5. Once all of your butter has melted into the mixture, remove from heat and add in your pinch of kosher salt and paprika and whisk to combine. If it's too thick, you may add a teaspoon or two of water. Cover with foil and set on a hot pad to keep warm while you prepare your scallops.
*It can sit out at room temperature for 1 to 1 1/2 hours and you may keep leftovers in your fridge for 1-2 days. You'll reheat it with the same method you used to cook it, do not microwave or put in direct contact with heat or it will break the texture.
1. Put your scallops on a paper towel with another on top and press down to absorb all liquid. As mentioned in my notes above, if you are using "wet scallops," you may want to leave them out longer (around 30 minutes) after thawing to allow as much moisture as possible to escape to ensure you get a sear and don't steam them. Once your scallops are dry as can be from padding with paper towels as much as needed, put them on a plate once again lined with new paper towels and season lightly on both sides with a pinch of kosher salt and pepper. *Do not season too far in advance before cooking or your scallops could end up absorbing all the salt quickly and therefore tasting extremely salty.

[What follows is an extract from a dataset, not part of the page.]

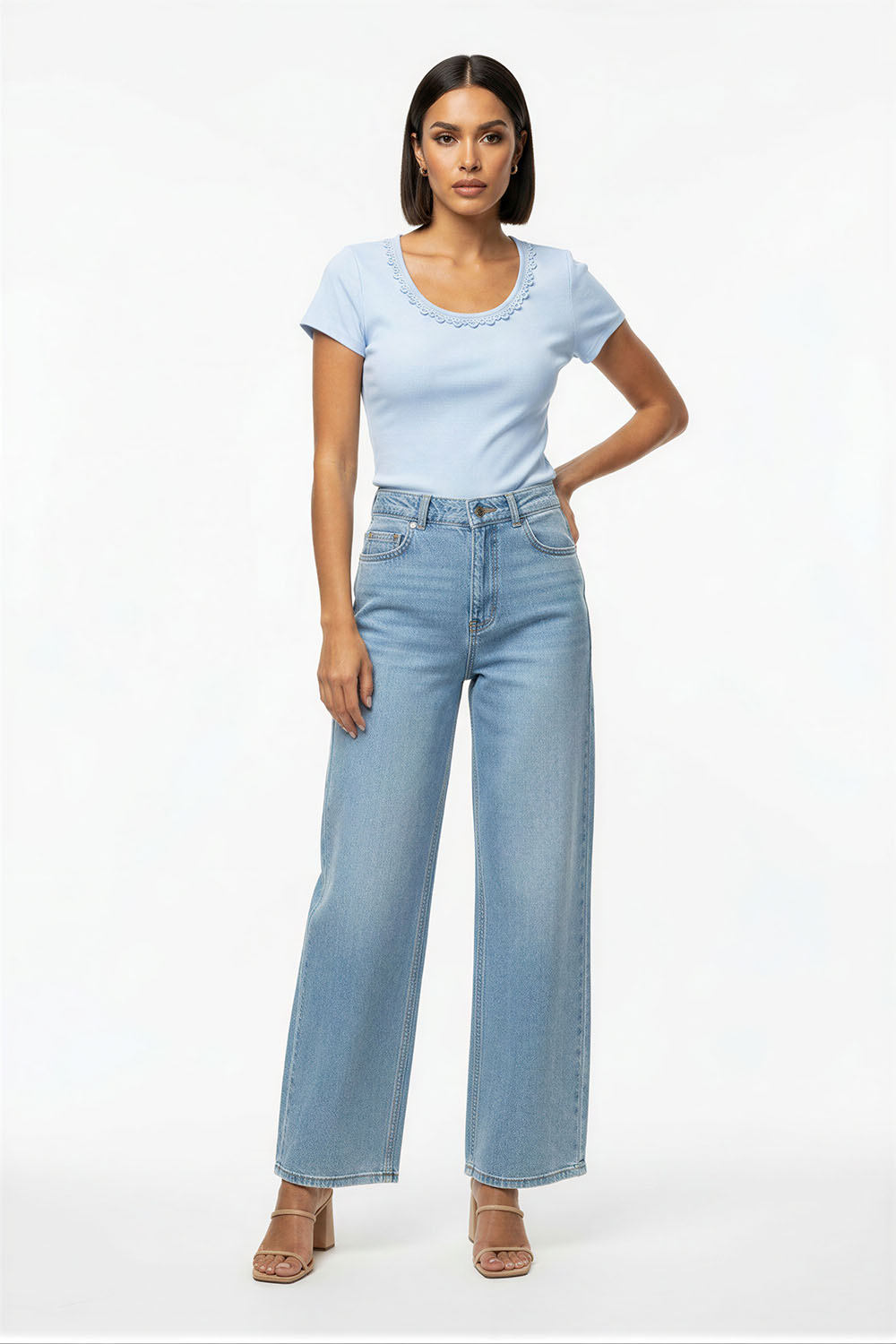 Playera de corte recto con ajuste cómodo al cuerpo, cuello redondo con detalle decorativo que aporta acabado delicado, manga corta que brinda frescura, confección en tejido ligero con textura suave, diseño práctico para uso diario

2. Do this step once your scallops are ready for the pan!**
Heat a cast iron or stainless steel pan over medium-high to high heat with two tablespoons of vegetable oil. Wearing a hot pad on your hand, lift the handle and give the oil a dance around the pan to coat it lightly and evenly. You want your oil shimmering but not smoking; smoking oil will burn your scallops.
3. Using a tong, place your scallops in the pan, giving enough space (an inch or so) in between each to allow steam to escape; you may need to cook in batches. Your pan should make a loud sizzling sound when the scallops come in contact with the heat, ensuring the pan is plenty hot enough to form a sear.
4. Leave the scallops on this side for approximately 2 minutes, until the scallop easily releases from the pan when you go to move it (if it sticks, it's likely not ready to flip, don't force it, otherwise check to see that the pan is coated enough in oil).
5. Once you can see that a crust has formed and the scallops easily flip, cook on the opposite side for one more minute.
6. Move to a plate, top with a generous spoonful of the prepared hollandaise, crumbled bacon pieces, a dusting of paprika and chives. Enjoy!